[[ Material shown, beginning ]]

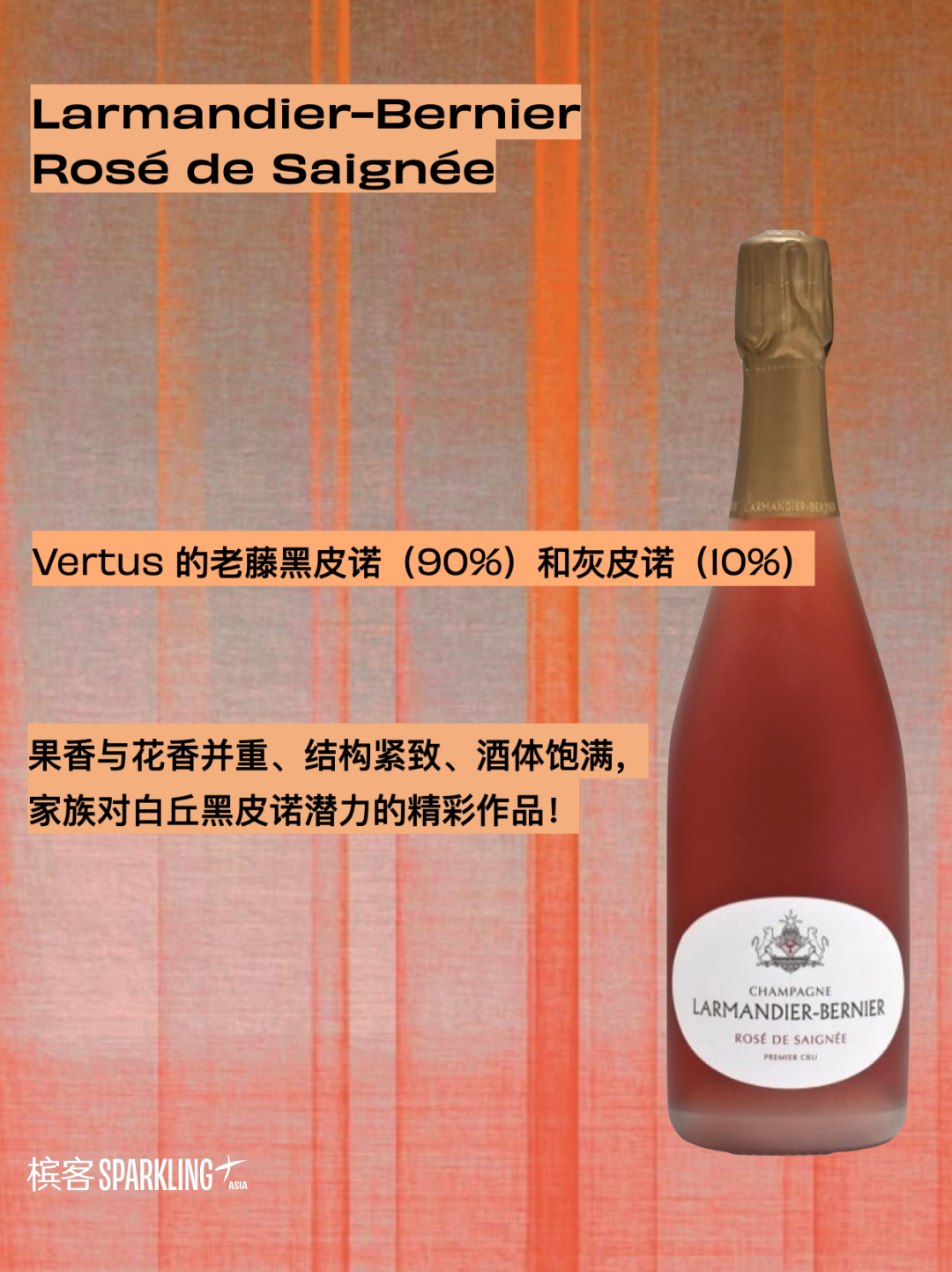 在白丘产区找一款饱满果香、花香丰富、充满张力的 Rosé de Saignée ? Larmandier-Bernier 选择用它来表达 Vertus 风土奔放的一面。
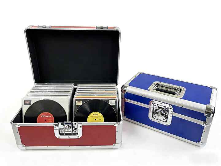 Estuche de utilidad colorido con un interior completamente forrado de espuma para contener aproximadamente 120 piezas de discos de vinilo de 7"
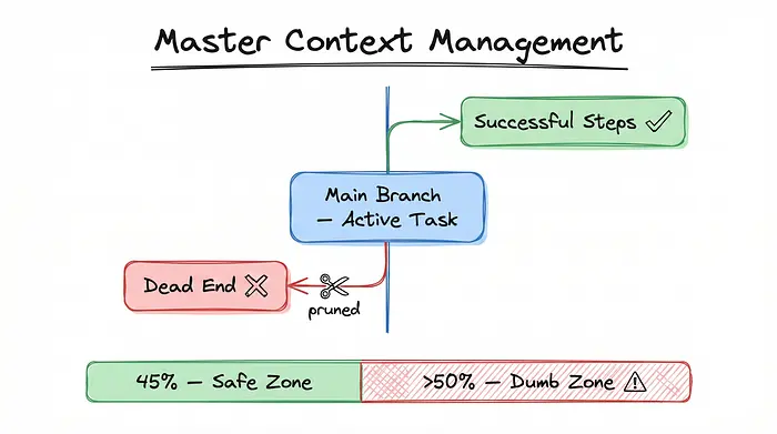 上下文就是一切。每一个岔路、每一次争论、每一个死胡同都会消耗你的token和智能。一旦你的上下文窗口超过50-60%的标记,代理就会进入Meyer所说的 "愚蠢区域"——其输出质量会明显下降。
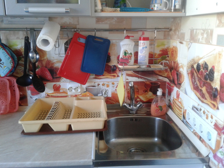 Быстренько помчалась по игрушкам, посуду убрать. Раковина.
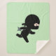 Cute cartoon ninja dressed in black is running while holding a throwing star.
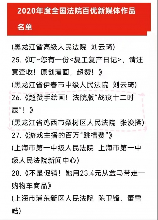 近日,2020年度全国法院“十佳百优”新媒体账号和作品推选结果揭晓,其中,梨树区人民法院政治部干警张浚揉创作的原创漫画《超赞手绘画!法院版“战疫十二时辰”!》微信公众号荣获“2020年度全国法院百优新媒体作品”。
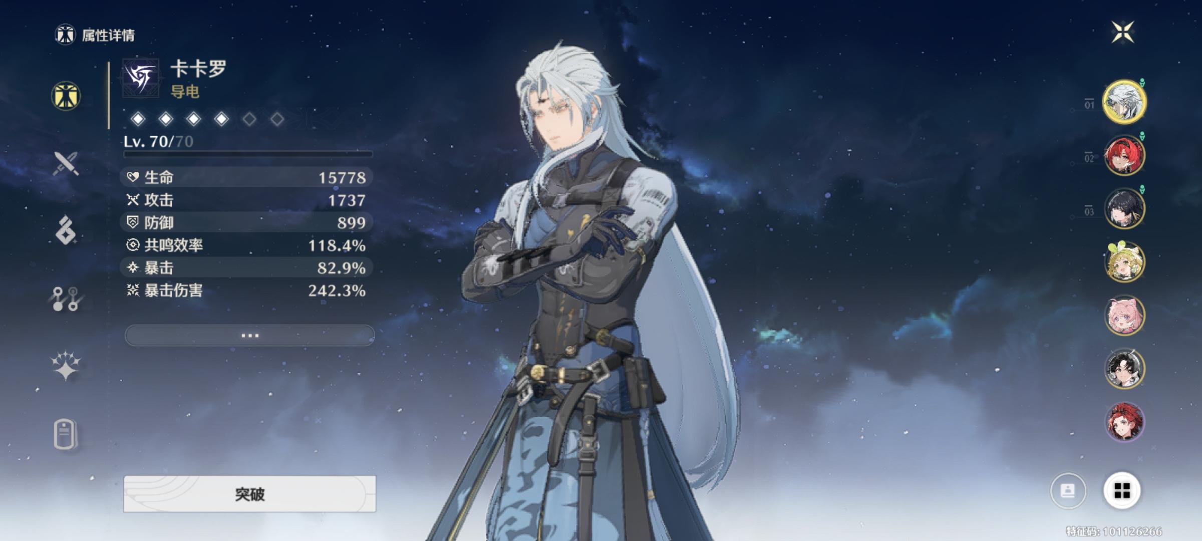 目前队伍只有一队资源不够买体力舍不得石头,作为开局雪豹的没玩过内测的玩家果断养女主,因为单纯的发现女主伤害挺高的,嗯,搜索了一下视频,他们又说20级过后的案组更厉害,就一直养着主角了,然后目前第二个是安可r,因为当时主角练度已经起来了,就没怎么玩目前配对是暗主散华维里奈(暗主声骸43311,4暴击伤害3湮灭伤害加成1经量暴击爆伤)别问问就是送的武器是攻击攻击,目前玩着还行,散华就冷凝爆伤暴击当复
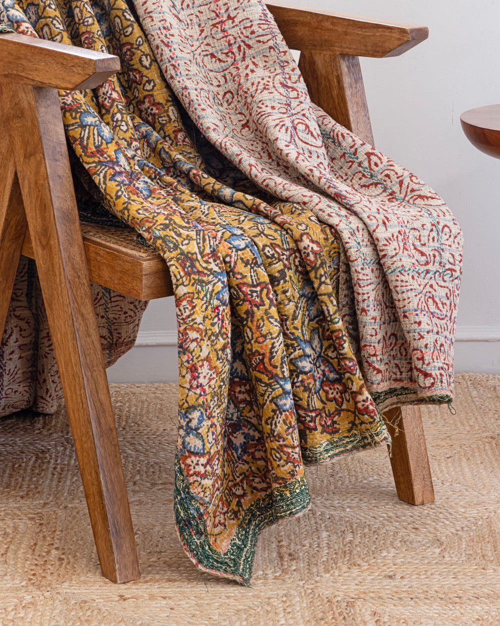 We’ve reimagined these vintage textiles into throws and refreshed them with block prints. No two are alike. What you take home is a singular story that continues in your space.
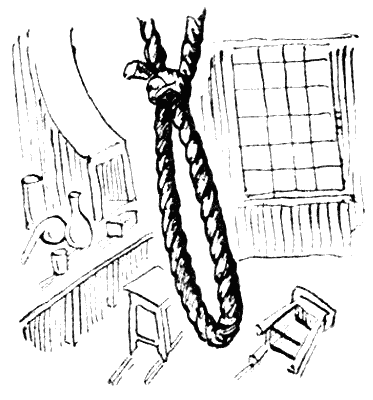 Тогда алхимик отцепил шелковый шнур от портьеры, перекинул его через дубовую балку в потолке лаборатории и на конце сделал петлю. «Лучше умереть самому, чем каждый день ждать казни», решил он. Его вынули из петли и привели в чувство.
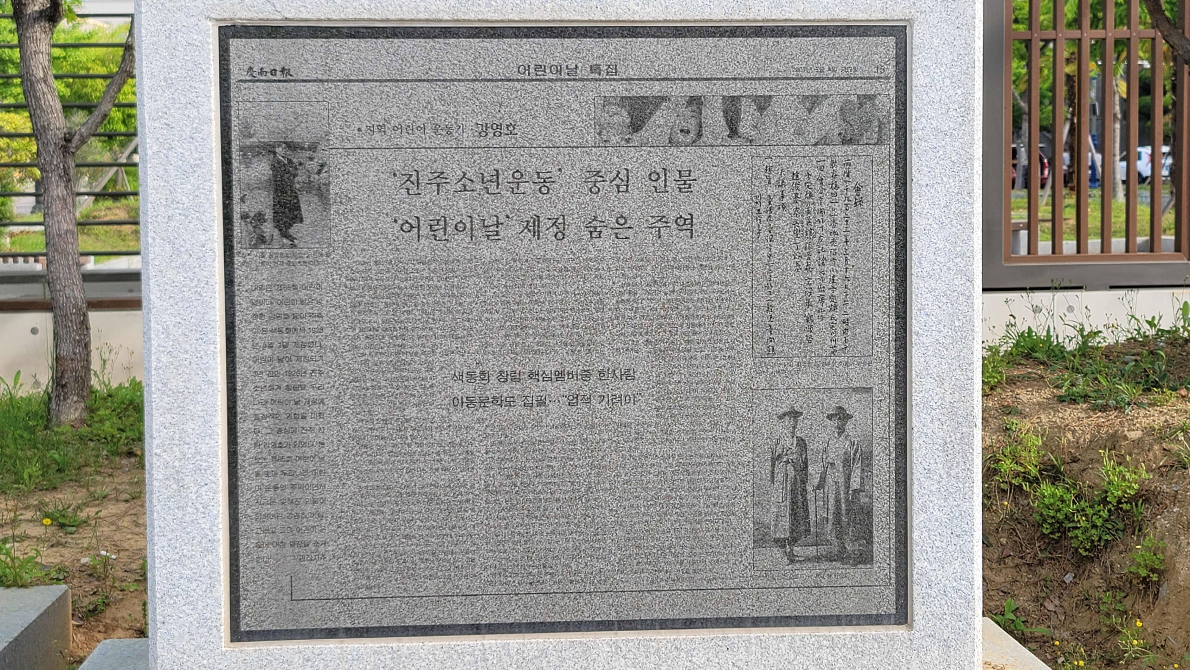 1923년 3월 <어린이> 창간호에서 소파 방정환 선생은 “글방이나 강습소나 주일학교가 아니라 사회적 회합의 성질을 띤 소년회가 우리 조선에 생기기는 경상남도 진주에서 조직된 진주소년회가 맨 처음이었습니다”라고 했습니다. 이를 소개하는 신문기사를 음각한 비가 옆으로 나란히 서 있습니다.
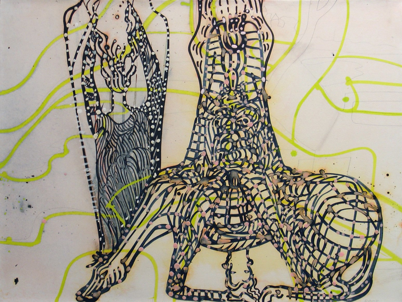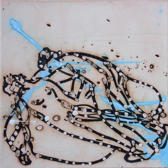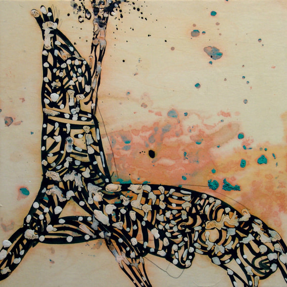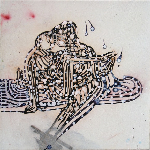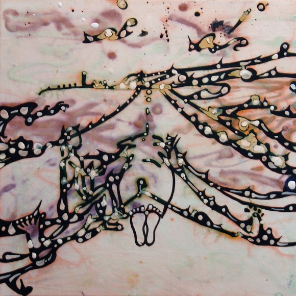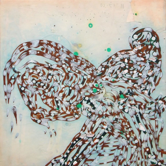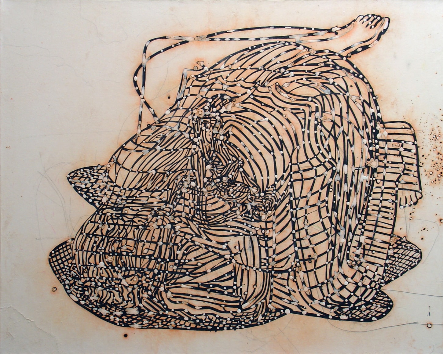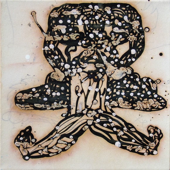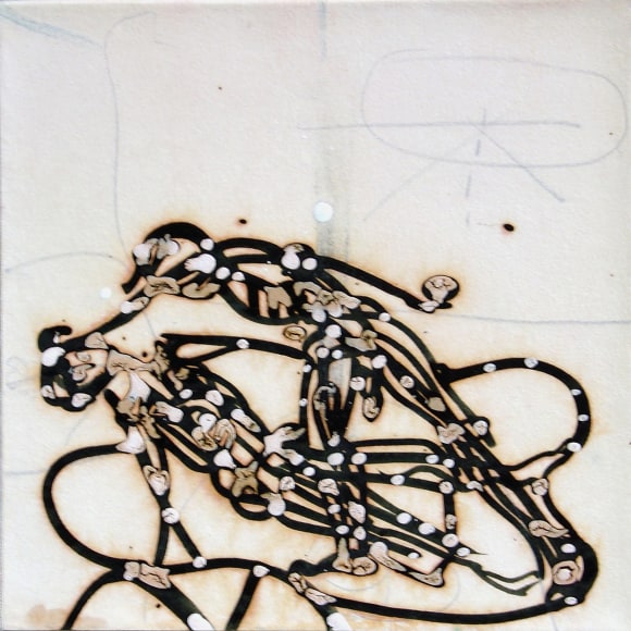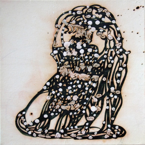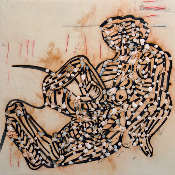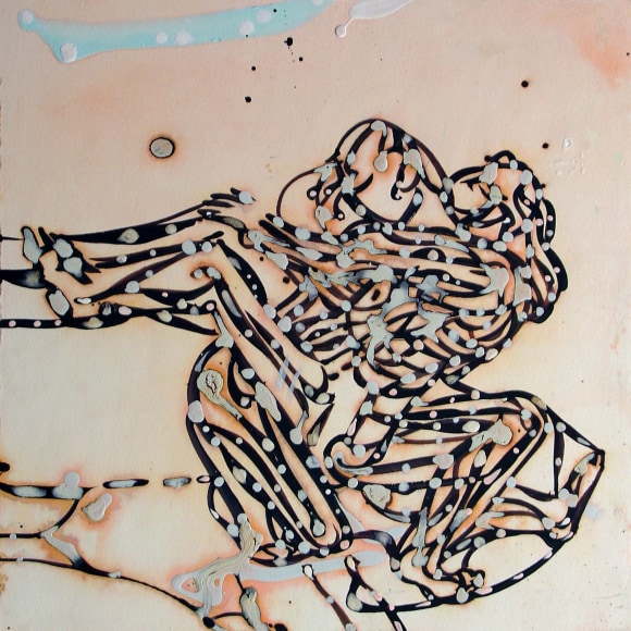 The Lovelife series, inspired by an array of seemingly unconnected sources – ancient maps, human and equine forms, ceramics, and vintage Japanese erotic prints – navigate the entangled forms of lovers at play. Often suspended in constellational webs, the works are composed of the artist’s vocabulary of intertwining lines and pocked by trademark drops. The paintings chart a wide range of human emotion and thought, and are at times a treatise on the wholeness of a human being, at others an exploration of questions of mortality, sex, and the constant chemical and biological transformations that are the basis of human existence. The viewer may look into and through human forms into a map of the stars, giving the paintings a rhythmic energy and articulating the connections between forms and the spaces they inhabit. Slowly, figure grows into ground and ground into figure, until one isn't sure whether one is inside or outside, above or below.

[[ Material shown, end ]]

__Directions for this task__
Nothing but an exact copy is asked for: the lines from the start of the records through the line with "We’ve reimagined these", both ends included, minus any pictures.

__Solution for this task__
 在白丘产区找一款饱满果香、花香丰富、充满张力的 Rosé de Saignée ? Larmandier-Bernier 选择用它来表达 Vertus 风土奔放的一面。
 Estuche de utilidad colorido con un interior completamente forrado de espuma para contener aproximadamente 120 piezas de discos de vinilo de 7"
 上下文就是一切。每一个岔路、每一次争论、每一个死胡同都会消耗你的token和智能。一旦你的上下文窗口超过50-60%的标记,代理就会进入Meyer所说的 "愚蠢区域"——其输出质量会明显下降。
 Быстренько помчалась по игрушкам, посуду убрать. Раковина.
 Cute cartoon ninja dressed in black is running while holding a throwing star.
 近日,2020年度全国法院“十佳百优”新媒体账号和作品推选结果揭晓,其中,梨树区人民法院政治部干警张浚揉创作的原创漫画《超赞手绘画!法院版“战疫十二时辰”!》微信公众号荣获“2020年度全国法院百优新媒体作品”。
 目前队伍只有一队资源不够买体力舍不得石头,作为开局雪豹的没玩过内测的玩家果断养女主,因为单纯的发现女主伤害挺高的,嗯,搜索了一下视频,他们又说20级过后的案组更厉害,就一直养着主角了,然后目前第二个是安可r,因为当时主角练度已经起来了,就没怎么玩目前配对是暗主散华维里奈(暗主声骸43311,4暴击伤害3湮灭伤害加成1经量暴击爆伤)别问问就是送的武器是攻击攻击,目前玩着还行,散华就冷凝爆伤暴击当复
 We’ve reimagined these vintage textiles into throws and refreshed them with block prints. No two are alike. What you take home is a singular story that continues in your space.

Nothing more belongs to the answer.